Saturday, December 5, 2015

Advent thoughts

MLE read me a piece about advent and the presence of Christ yesterday, and I've been pondering. Not as much about advent itself, or about the distinction between advent and the birth-event, but about incarnation.

We die.
Christ came to die.

We have spent so much time, so much energy, so much of our own lives (not to mention the lives of others) tying to escape death; Christ came to die.

We have moved beyond escaping death, and we now try to prolong life--resuscitation is only the beginning. "Trans-humanity" is attempting to wield genetic control over life, to undo the designs that cause decay and dysfunction as we age.
I wonder, though, if the "eternity" that is being sought here isn't even more 'static' (or just plain boring) than the harp-playing in the clouds depicted by cartoonists.
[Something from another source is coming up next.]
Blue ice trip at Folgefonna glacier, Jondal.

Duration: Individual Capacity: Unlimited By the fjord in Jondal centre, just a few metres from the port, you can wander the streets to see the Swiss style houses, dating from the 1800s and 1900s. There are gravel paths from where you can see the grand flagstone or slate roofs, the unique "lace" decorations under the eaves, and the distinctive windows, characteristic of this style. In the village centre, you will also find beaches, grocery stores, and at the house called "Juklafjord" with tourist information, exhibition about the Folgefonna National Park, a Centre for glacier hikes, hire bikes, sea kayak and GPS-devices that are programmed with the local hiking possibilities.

But if death is an awfully big adventure, what of the return home? Christ came to die, and dreaded that death, and sought to escape it, but in the end accepted it--but was is it to die knowing the next part of the story? Resurrection is not simply a return home from war...
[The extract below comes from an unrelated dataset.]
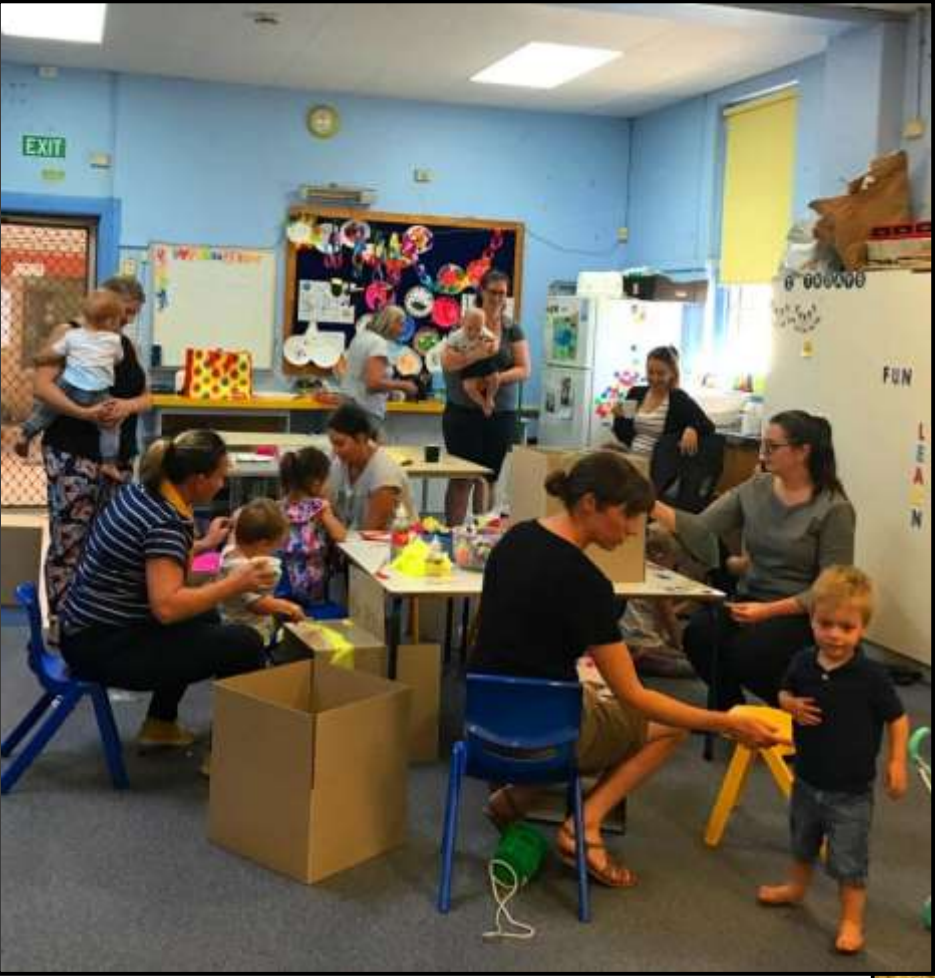
Playgroup is vibrant and a lot of fun. If you know someone with preschoolers, please encourage them to come and join in. See our previous flier for our special event on 10<sup>th</sup> April.

Infancy seems so far from death, but this perspective is perhaps a new one: infant mortality is infinitesimal compared to what it was a century ago. The vulnerability, though, of infancy is unchanged. Babies cry out in pain hopelessly, helplessly. So much of life is an adaptation to this state--shifting our helplessness to a delicate balance of what problems we can overcome and which we simply must avoid. But flesh is vulnerable, no matter what.